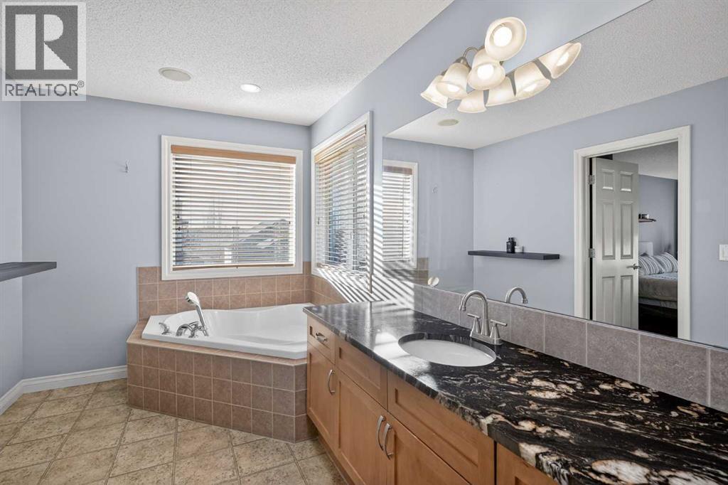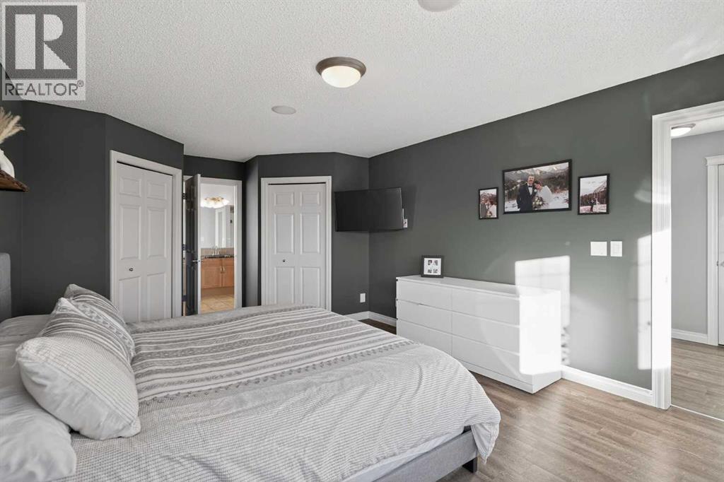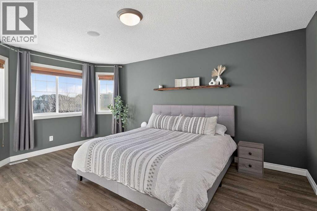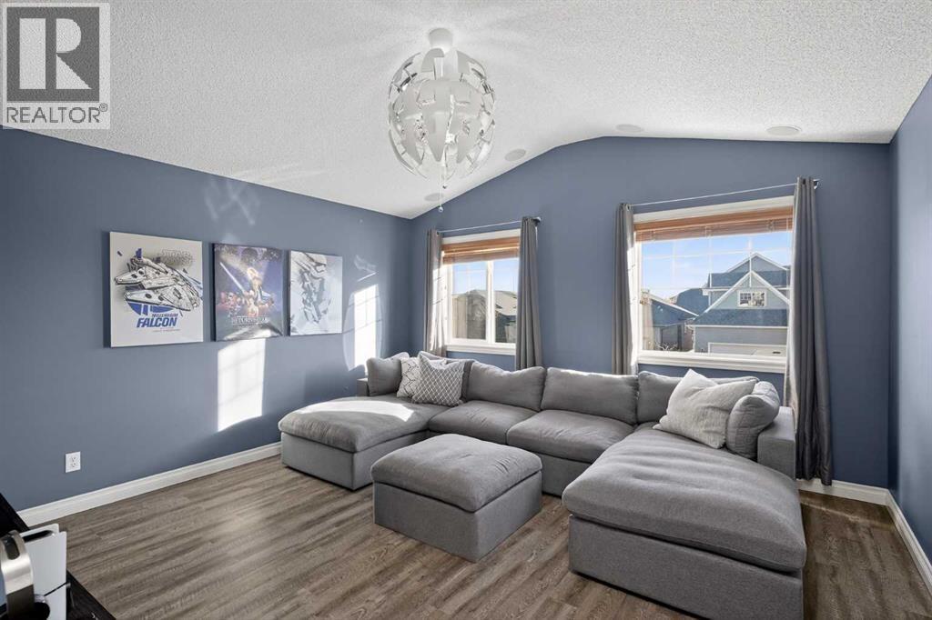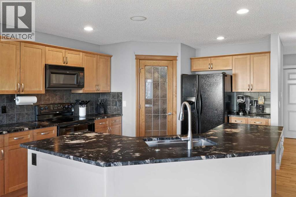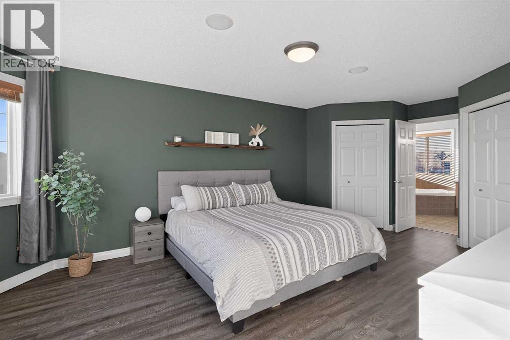 Nestled in the desirable northwest community of Highwood Village, just steps from scenic Highwood Lake, this beautifully upgraded family home perfectly blends modern comfort with everyday functionality. From the moment you step inside, the thoughtful layout and quality upgrades are immediately apparent, including leathered granite countertops throughout, low voltage wiring for a centralized video and sound system, underground irrigation, newly installed solar panels (2025) and hot water tank (2024).A generous 12’ x 14’ front office provides the ideal space for a home based business or private study. The heart of the home is the open concept main floor, highlighted by a stunning kitchen featuring an oversized centre island, walk-through pantry, and seamless flow into the dining and living areas. The inviting living room showcases rich hardwood flooring, a cozy gas fireplace, and expansive west facing windows that fill the space with natural light.Step outside through the breakfast nook to a spacious west-facing backyard complete with a two-tier deck—perfect for entertaining, summer BBQs, or enjoying peaceful sunset evenings. With access from the backyard to walking paths and green space, outdoor enjoyment is right at your doorstep.Upstairs, new vinyl plank flooring leads to a large bonus room with vaulted ceilings, fully wired for a theatre system, creating an inviting retreat for movie nights or family gatherings. The primary suite offers a true escape with his and hers closets and a luxurious five piece ensuite, while two additional bedrooms are thoughtfully located near the laundry room for added convenience.An oversized double attached garage and central air conditioning complete this impressive package. Move in ready and ideally located, this home is designed for modern living in a fantastic community. (id:55577)
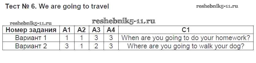 Готовая домашняя работа с ответами по Английскому языку за 5 класс Лысакова, Сахаров, Сухоросова Контрольно-измерительные материалы (КИМ) ВАКО 2017 ФГОС - Тесты 6
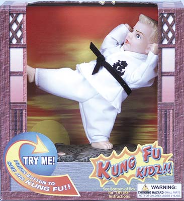 3701 Kung Fu Kidz (white uniform). 5" Kung Fu kid standing on a rock practicing his kung fu kicks with music. Kung Fu boy dressed in white uniform. "Try me" box. Includes 3 "AA" batteries. Box size: 6.75"W x7"H x 3.5"D.
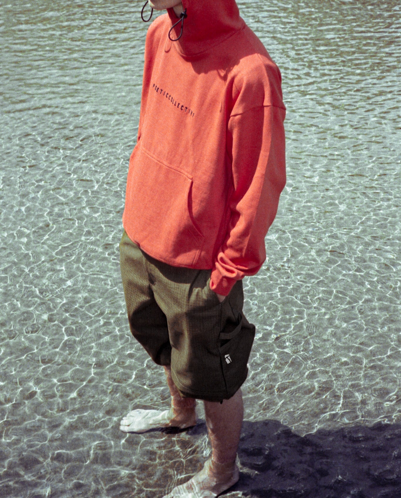Drawstring at bottom of leg.
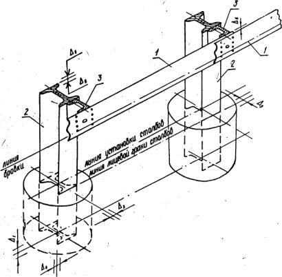 Схема барьерного ограждения с указанием предельных отклонений: 1—стальной брус; 2—опора из двутавра; 3— энергопоглощающая вставка Примечания. 1. Барьерные ограждения должны иметь правильную геометрическую линию в плане и в продольном профиле (прямую или плавно очерченную кривую). 2. Линия барьерного ограждения должна проходить на установленном проектом расстоянии от линии бровки земляного полотна. 3. Высота барьерного ограждения должна быть не менее 0,8 м. 4. Все гайки должны быть надежно затянуты. 5. Масляная краска должна покрывать поверхность барьерного ограждения ровным слоем, без припусков и наплывов. Местные искривления линий и закраски в сопряжении двух цветов не должны превышать 5 мм.
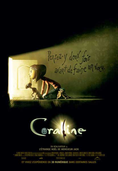 Synopsis : Coraline Jones, petite fille intrépide à la curiosité sans limites vient d’emménager avec ses parents dans une nouvelle maison. Une étrange maison. Ses parents n’ayant guère de temps à lui consacrer, Coraline explore sa nouvelle demeure jusqu’au jour où elle trouve une petite porte condamnée. Elle découvre ainsi un monde parallèle lui présentant sa nouvelle vie ; des «Autres parents» identiques aux siens, ayant tout leur temps à lui consacrer, des voisins toujours en fêtes, de la nourriture exquise et des loisirs à l’infini. Mais Coraline est bien loin d’imaginer que ce monde parallèle est en fait un monde cruel et inquiètant détenu par l’Autre Mère…
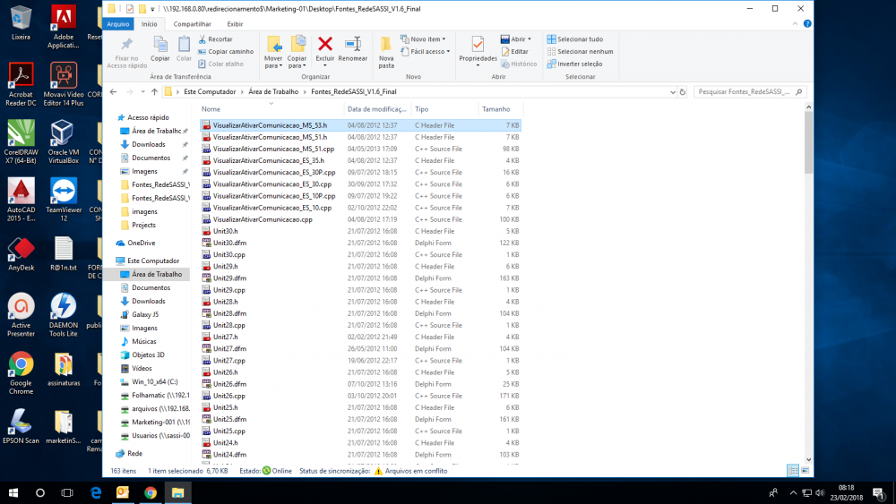 Tem vários arquivos nessa pasta. Tem arquivos com extensão .cpp, .dfm, .h, .res, .bpr, .ini e .exe (C Header File, C++ Source File, Arquivos Res, Delphi Form). O Compilador que foi usado eu realmente não sei.

ACTIVITY:
Your reply must hold only the lines from the line containing "3701 Kung Fu" through the end of the records above, written out exactly, both ends included, with no pictures, please.

RESULT OF THIS EXERCISE:
 3701 Kung Fu Kidz (white uniform). 5" Kung Fu kid standing on a rock practicing his kung fu kicks with music. Kung Fu boy dressed in white uniform. "Try me" box. Includes 3 "AA" batteries. Box size: 6.75"W x7"H x 3.5"D.
Drawstring at bottom of leg.
 Схема барьерного ограждения с указанием предельных отклонений: 1—стальной брус; 2—опора из двутавра; 3— энергопоглощающая вставка Примечания. 1. Барьерные ограждения должны иметь правильную геометрическую линию в плане и в продольном профиле (прямую или плавно очерченную кривую). 2. Линия барьерного ограждения должна проходить на установленном проектом расстоянии от линии бровки земляного полотна. 3. Высота барьерного ограждения должна быть не менее 0,8 м. 4. Все гайки должны быть надежно затянуты. 5. Масляная краска должна покрывать поверхность барьерного ограждения ровным слоем, без припусков и наплывов. Местные искривления линий и закраски в сопряжении двух цветов не должны превышать 5 мм.
 Synopsis : Coraline Jones, petite fille intrépide à la curiosité sans limites vient d’emménager avec ses parents dans une nouvelle maison. Une étrange maison. Ses parents n’ayant guère de temps à lui consacrer, Coraline explore sa nouvelle demeure jusqu’au jour où elle trouve une petite porte condamnée. Elle découvre ainsi un monde parallèle lui présentant sa nouvelle vie ; des «Autres parents» identiques aux siens, ayant tout leur temps à lui consacrer, des voisins toujours en fêtes, de la nourriture exquise et des loisirs à l’infini. Mais Coraline est bien loin d’imaginer que ce monde parallèle est en fait un monde cruel et inquiètant détenu par l’Autre Mère…
 Tem vários arquivos nessa pasta. Tem arquivos com extensão .cpp, .dfm, .h, .res, .bpr, .ini e .exe (C Header File, C++ Source File, Arquivos Res, Delphi Form). O Compilador que foi usado eu realmente não sei.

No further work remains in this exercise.